**** RECORDED DATA ****

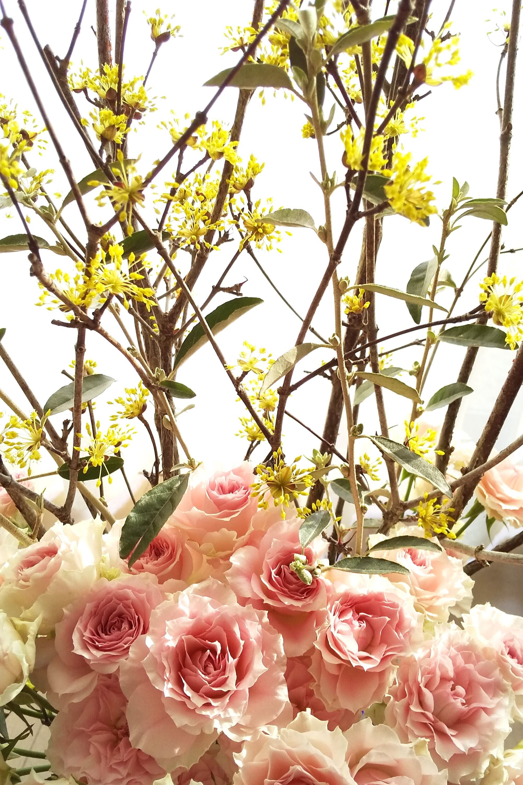 ・使用したお花・・・サンシュユ・バラ・ロシアンオリーブ
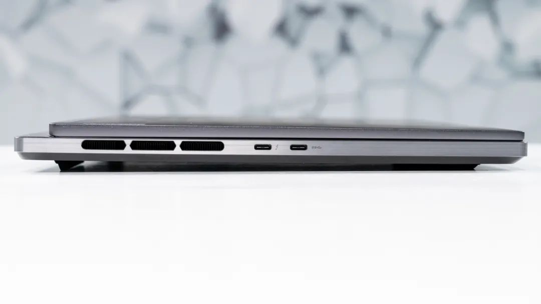 接口方面,机身左侧依次为雷电4和USB3.2 Gen2 Type-C接口。(均支持PD充电+DP视频输出)
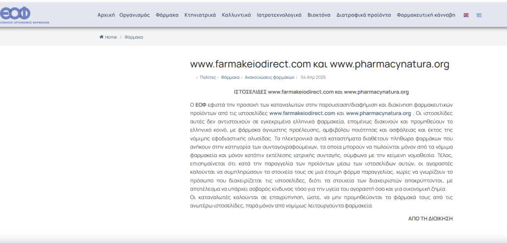 Ο Εθνικός Οργανισμός Φαρμάκων (ΕΟΦ) εφιστά την προσοχή των καταναλωτών στην παρουσίαση/διαφήμιση και διακίνηση φαρμακευτικών προϊόντων από τις ιστοσελίδες www.farmakeiodirect.com και www.pharmacynatura.org.
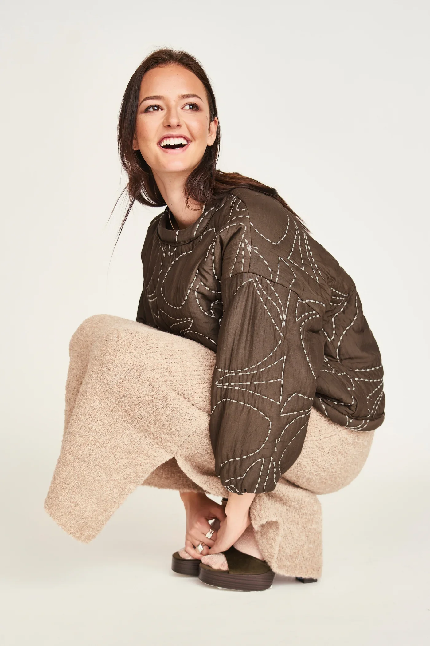 For Mirth, that throughline has always been their playful approach to pattern. In wovens, prints do the heavy lifting. But when it came to knitwear, traditional printing methods weren’t an option and early attempts left knits feeling disconnected from the rest of the line.

****

> [TASK STATEMENT]:
Omitting all pictures, set the listing down exactly.

> [ANSWER FOR THIS EXERCISE]:
 ・使用したお花・・・サンシュユ・バラ・ロシアンオリーブ
 接口方面,机身左侧依次为雷电4和USB3.2 Gen2 Type-C接口。(均支持PD充电+DP视频输出)
 Ο Εθνικός Οργανισμός Φαρμάκων (ΕΟΦ) εφιστά την προσοχή των καταναλωτών στην παρουσίαση/διαφήμιση και διακίνηση φαρμακευτικών προϊόντων από τις ιστοσελίδες www.farmakeiodirect.com και www.pharmacynatura.org.
 For Mirth, that throughline has always been their playful approach to pattern. In wovens, prints do the heavy lifting. But when it came to knitwear, traditional printing methods weren’t an option and early attempts left knits feeling disconnected from the rest of the line.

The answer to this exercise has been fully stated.